The "Calpers vs Hedge Funds" Debate In Just Two Charts

While some are shocked by Calpers’ decision to abandon hedge funds as an investment class (the first of many such “exits”), there really should be no surprise here. As we have said year after year after year (and so on), it was only a matter of time before limited partners said “enough” and stopped paying 2 and 20 to overpaid asset managers in a world in which central banks have “guaranteed” there is no longer any risk, just to underperform the market for a whopping 6 years in a row now. And to showcase where Calpers decision came from here are just two charts.

The first is from Goldman showing YTD performance by major asset class, with an emphasis on various hedge funds, and how for the sixth year in a row, hedge funds have underperformed the S&P.

 

Wait, six years? Impossible. Oh no, quite possible.

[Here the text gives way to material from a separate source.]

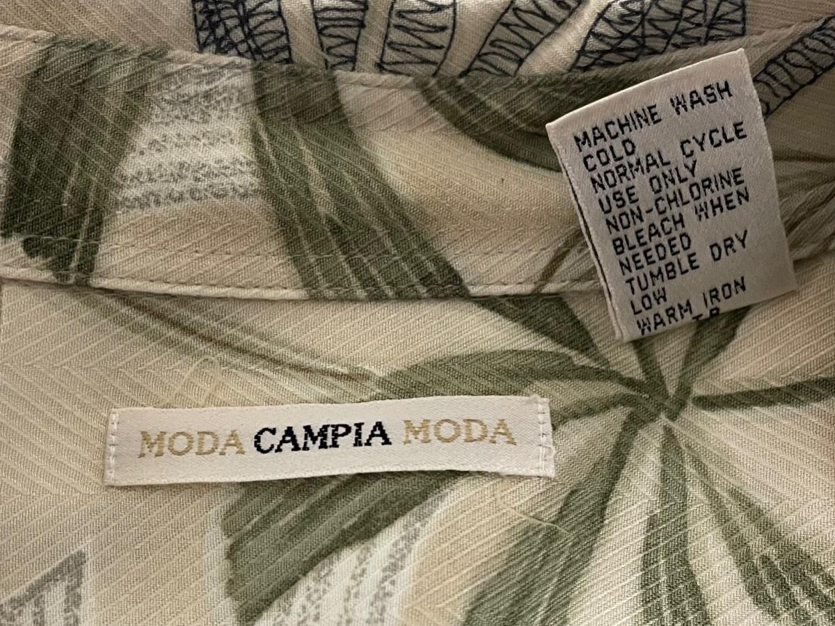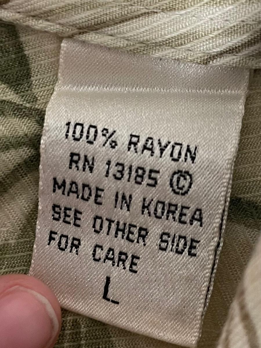 This shirt is in great condition and doesn’t have any noticeable damages to it. All buttons are on the shirt, there are some extras on the bottom. The shirt is made up of 100% Rayon and was made in Korea. It is a size large in men’s.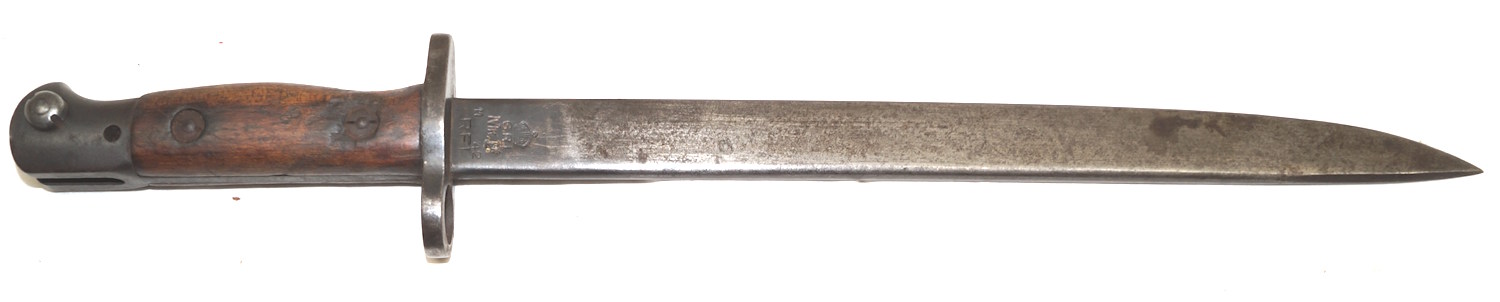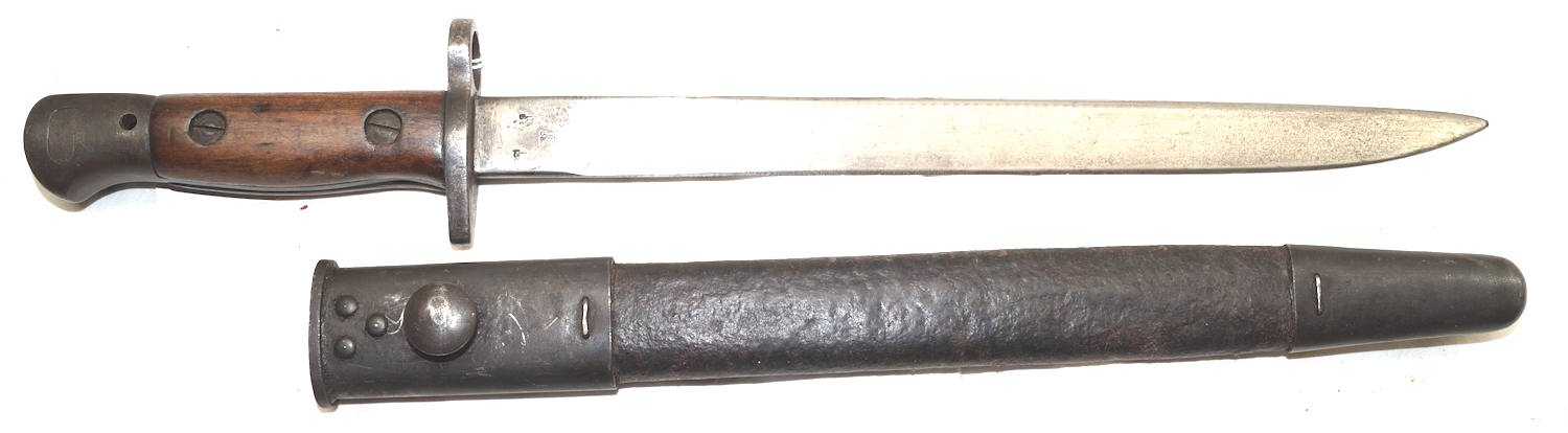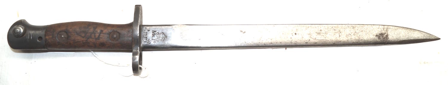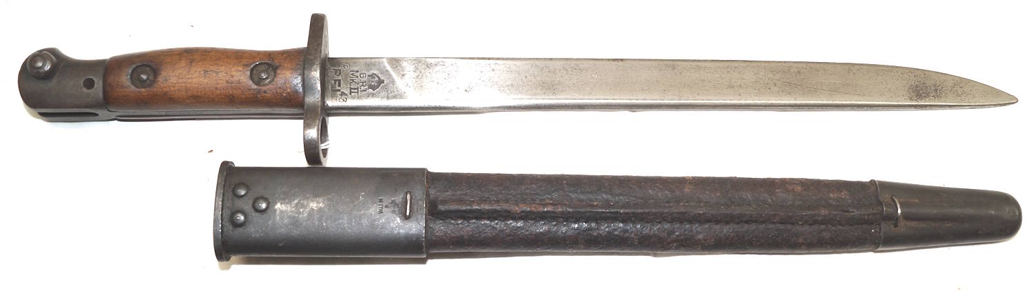 18042 MkIII bayonet with later cobbled scabbard. This is a genuine MkIII

The chart below shows that while the S&P is soaring into the stratosphere on the back of endless global liquidity injections (as a reminder, none other than JPM recently reported that global excess liquidity was at an all time high and going higher), as today’s latest news out of China definitively confirmed, hedge funds returns have yet to surpass their cycle highs.

 

And then of course, there’s this: “90% Of Hedge Fund Managers Are Overpaid Relative To “True Talent“”

The fees, which still make up as much as 2 percent of a fund’s assets, represent a disproportionately high share of the total remuneration unrelated to performance, said Nicolas Rousselet, head of hedge funds at Unigestion. To align managers’ pay more with performance, the fund industry should either abandon the management fee or combine it with a hurdle rate that one must achieve before collecting incentive fees, he said.

 

“The philosophy of the hedge-fund industry, as it should be, is to remunerate true talent,” Rousselet said in a telephone interview on Sept. 9. “Fund managers should be remunerated when they perform. They should not be remunerated for doing nothing.”

 

Fees are coming down amid efforts to win mandates in an industry that traditionally charges about 20 percent on performance and 2 percent on the total assets. Investors paid an average 1.69 percent last year, with the share of those who paid 1.5 percent or more at 79 percent, almost unchanged from 2012, according to a Deutsche Bank AG survey published in February.

 

“Hedge-fund managers should work harder to justify the fees that they earn.”

But while it is easy to bash hedge funds for consistently generating underwhelming returns (and being massively overpaid for it), it really is not their fault: the fault is not in our stars, dear Brutus, but in the Fed, and whoever the Chief Risk Officer of the “market” may be at any given moment. Because in a centrally-planned world in which markets are not allowed to decline, hedging as a concept is made obsolete.

After all, there is no risk.

Until there is. And the biggest irony will be that the Fed’s idiotic policies, now in their 6th year, will ultimately demolish the only asset manager class whose job is to “hedge” risk, and just as the market crashes, there will be nobody left hedging said crash.

Which, to some at least, will be poetically symmetric.